The week of April 27, 2026, underscores a critical inflection point: AI security threats are no longer theoretical—they are operationalized, measured, and increasing. Google researchers observed a 32% increase in malicious prompt injection attempts between November 2025 and February 2026, confirming that adversaries are actively probing production AI systems at scale. While sophistication remains relatively low and researchers did not observe significant amounts of advanced attacks using known exfiltration prompts published by security researchers in 2025, the trajectory is clear: both scale and sophistication are expected to escalate rapidly.

On the policy and procurement front, the Pentagon formalized its AI strategy by announcing agreements with seven major technology companies—SpaceX, OpenAI, Google, Microsoft, Nvidia, Amazon Web Services, and Reflection—to deploy their AI tools on classified networks. Conspicuously absent from this roster is Anthropic, which the Trump administration has blacklisted over the company’s insistence that the Pentagon include certain safety guardrails for the government’s use of AI in warfare. The stand-off has intensified after Anthropic’s Mythos model demonstrated significant offensive cyber capabilities, creating a paradox where national security imperatives collide with safety frameworks.

Meanwhile, foundational infrastructure vulnerabilities continue to expose the AI stack. CVE-2026-31431, a Linux local privilege escalation flaw with a CVSS score of 7.8, allows an unprivileged local user to write four controlled bytes into the page cache of any readable file and use that to gain root. The vulnerability affects essentially all Linux distributions shipped since August 2017, demonstrating that the operating systems underpinning AI infrastructure harbor decade-old flaws now entering active exploitation. Security practitioners face a dual challenge: defend against novel AI-specific attacks while remediating legacy vulnerabilities in the substrate supporting ML workloads.

Top Stories

Prompt Injection Attacks Increase 32% as Adversaries Scale Operations Against Production AI

Google has analyzed AI indirect prompt injection attempts involving sites on the public web and noticed an increase in malicious attacks over the past months, providing the first large-scale empirical measurement of in-the-wild prompt injection prevalence. The research, published April 27, focused specifically on indirect prompt injection attempts embedded in websites accessible to AI agents, representing a subset of the broader attack surface.

Google researchers scanned website snapshots saved by Common Crawl for known prompt injection patterns and used Gemini and human reviews to weed out false positives. The analysis revealed a mixed threat landscape: harmless pranks, attempts to deter AI agents, search engine optimization, and helpful guidance coexist alongside genuinely malicious attacks designed to manipulate AI behavior.

An analysis of the identified prompt injections found harmless pranks, attempts to deter AI agents, search engine optimization, and helpful guidance, as well as some malicious attacks. In the destruction category, some prompts attempted to trick AI into deleting all files on a user’s machine, though researchers noted such attacks are unlikely to succeed given current system architectures and permission boundaries.
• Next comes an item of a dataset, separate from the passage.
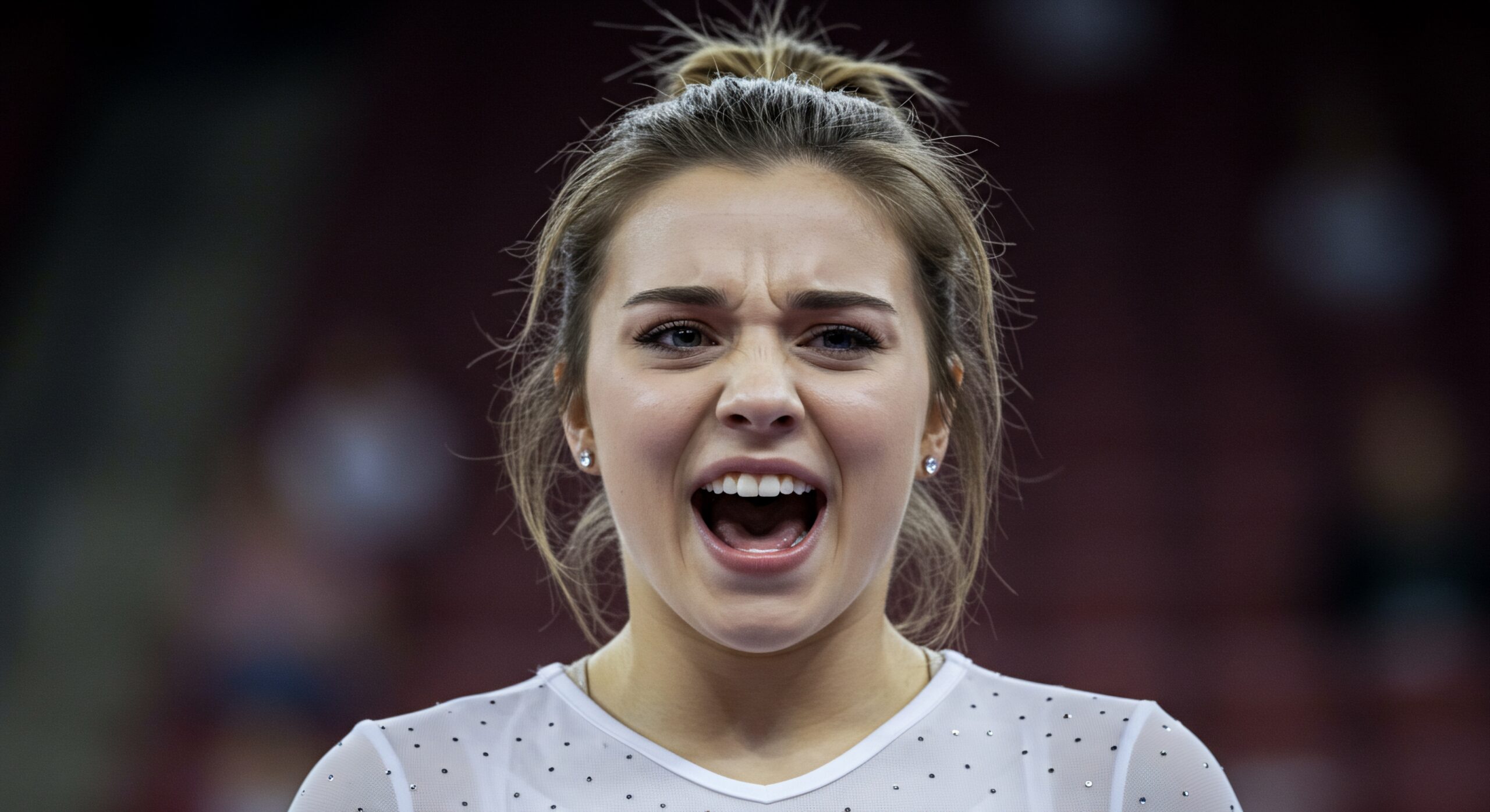 Expressive gymnast screams fiercely in stadium

The sophistication assessment provides both reassurance and warning. While they did not see any particularly sophisticated attacks, the Google experts pointed out that they did see a 32% increase in malicious prompt injection attempts between November 2025 and February 2026. More concerning, researchers warned that both the scale and sophistication of prompt injection attacks are expected to increase in the near future.

The research confirms what security teams have suspected: adversaries are moving from proof-of-concept demonstrations to operational campaigns. On April 27, Google’s threat intelligence researchers warned that public web pages are being seeded with hidden instructions designed to hijack enterprise AI agents the moment they scrape the page, an attack class called indirect prompt injection. The timing is particularly concerning given that the industry is wiring agentic AI into everything that touches corporate data.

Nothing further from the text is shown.